UF Health evaluated the GatorTron model on four key NLP tasks, including clinical concept extraction, clinical relationships extraction, medical natural language inference, and medical questions and answers.
“For clinical concept extraction, the GatorTron model performed state-of-the-art on all three benchmarks, including the 2010 i2b2, 2012 i2b2, and 2018 n2c2 publicly available datasets,” remarked Bian. “When it comes to relationship extraction, GatorTron outperformed other BERT models pre-trained in clinical or biomedical fields, such as: B. ClinicalBERT, BioBERT and BioMegatron, clearly.
“For medical inference in natural language and for questions and answers, GatorTron has achieved new state-of-the-art performances on both benchmark data sets – medNLI and emrQA,” he added.
ADVICE FOR OTHERS
There is increasing interest in the use of NLP models to extract patient information from clinical narratives, with state-of-the-art pre-trained language models being key components.

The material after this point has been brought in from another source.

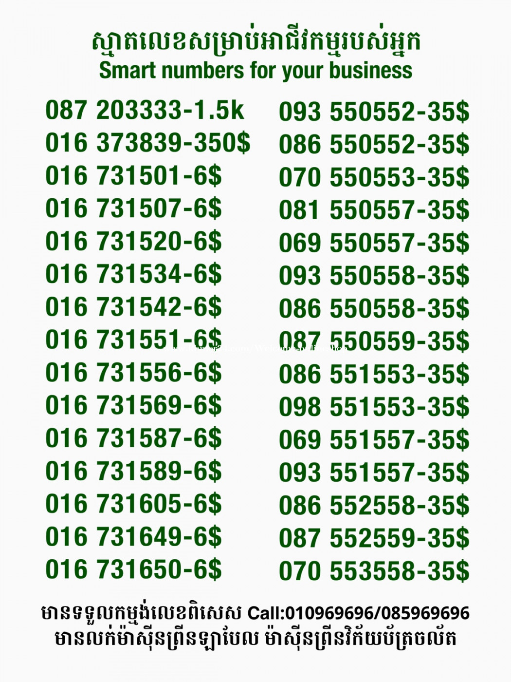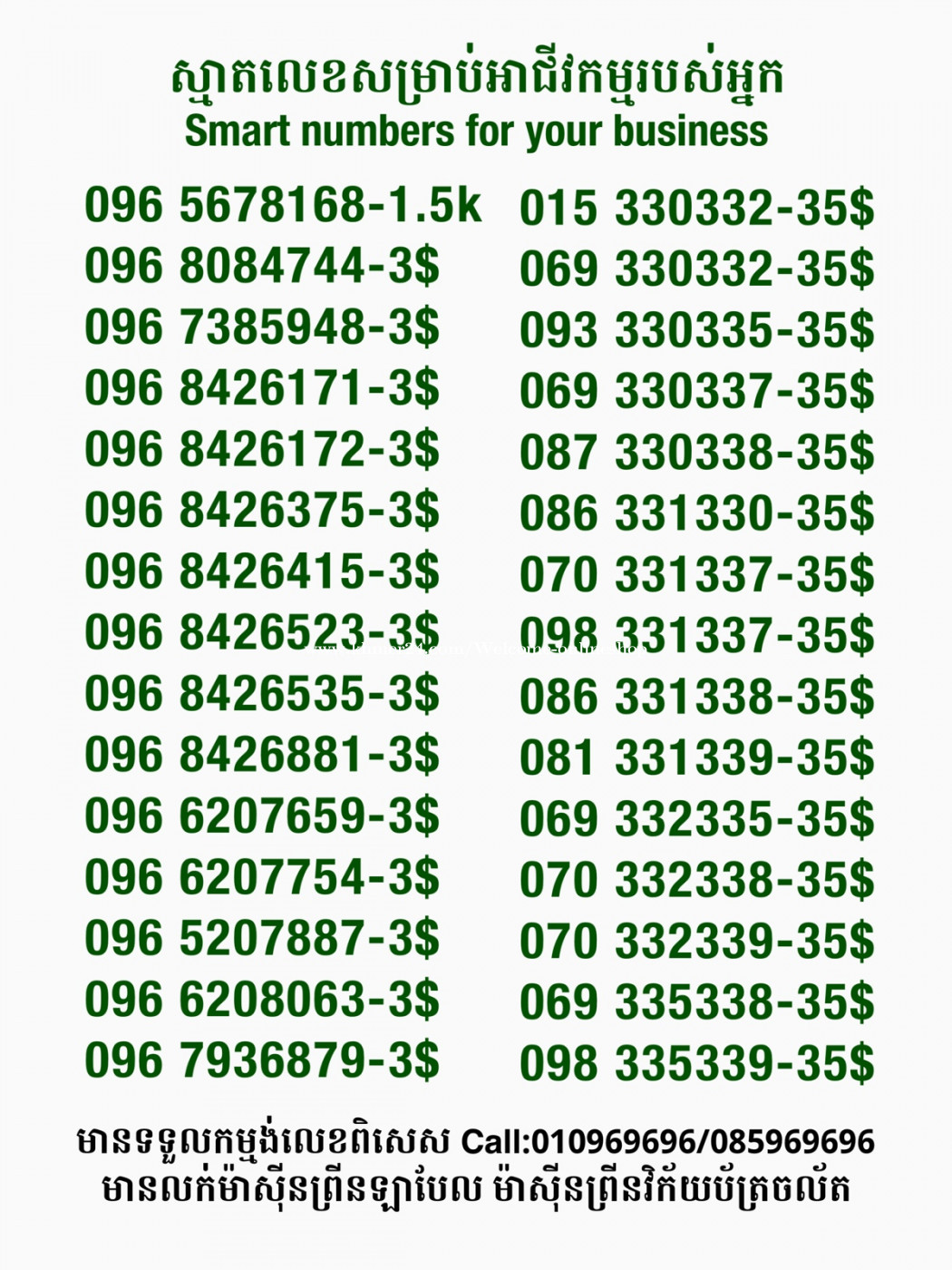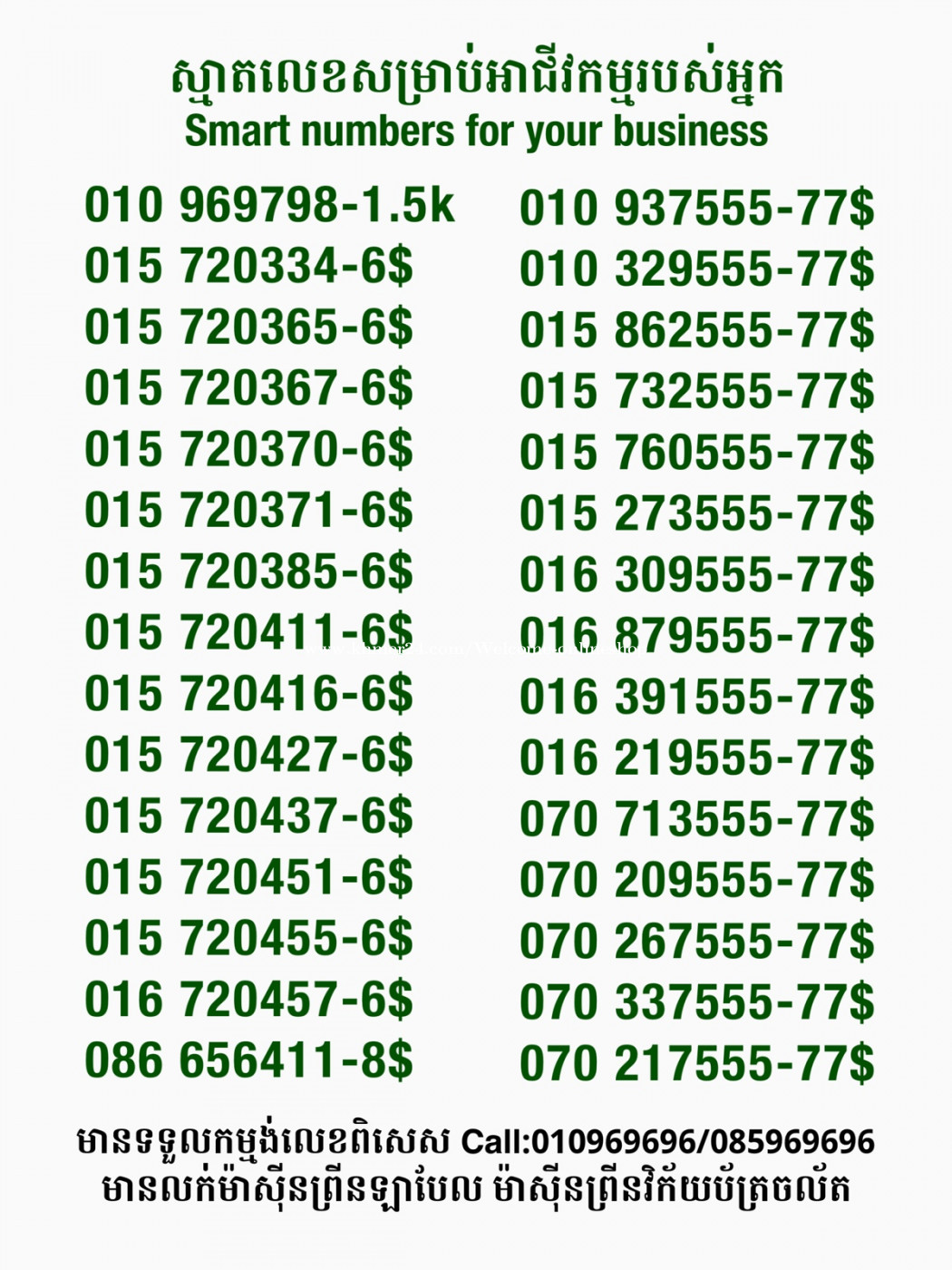 មានលក់លេខពិសេស មានទទួលកម្មង់លេខពិសេស មានលក់ម៉ាស៊ីនព្រីនឡាបែល មានលក់ម៉ាស៊ីនព្រីនវិក័យប័ត្រ មានលក់សម្ភារៈប្រើប្រាស់ក្នុងគ្រួសារ Smart Prime II 1=30$ Smart hero 1=40$ ទូរសព្ទថ្មីក្នុងប្រអប់ លក់ធូរៗរហូតអស់ពីស្តុក អាចប្រើជាឧបករណ៍សម្រាប់ស៊ែរ wifi បាន ទំនាក់ទំនង(ខ្មែរ | English | 中文):010969696 | 085969696 Telegram: https://t.me/W9696 Telegram group: https://t.me/konkonnada អាសយដ្ឋាន:ផ្ទះលេខ២៣ ផ្លូវបេតុងលេខ១ ភូមិទួលពង្រ សង្កាត់ចោមចៅ ខណ្ឌពោធិ៍សែនជ័យ រាជធានីភ្នំពេញ ទីតាំង https://goo.gl/maps/8moqW4iTHUfJEvWQ9 ដើម្បីស្វែងរកលេខអាជីវកម្មដែលលោកអ្នកពេញចិត្ត សូមចូលទៅកាន់:https://www.khmer24.com/Welcome-onlineshop

“A well-trained large language model could fine-tune many downstream NLP tasks, such as: Medical chatbots, automated summaries, medical Q&A, and clinical decision support systems, ”advised Wu. “When developing large transformer-based NLP models, it is recommended to examine different model sizes – number of parameters – based on your local clinical data.
“When applying these large transformer-based NLP models, healthcare providers need to think about the real-world configurations,” he concluded. “For example, these large transformer-based NLP models are very powerful solutions for high-performance servers, but they cannot be deployed on PCs.”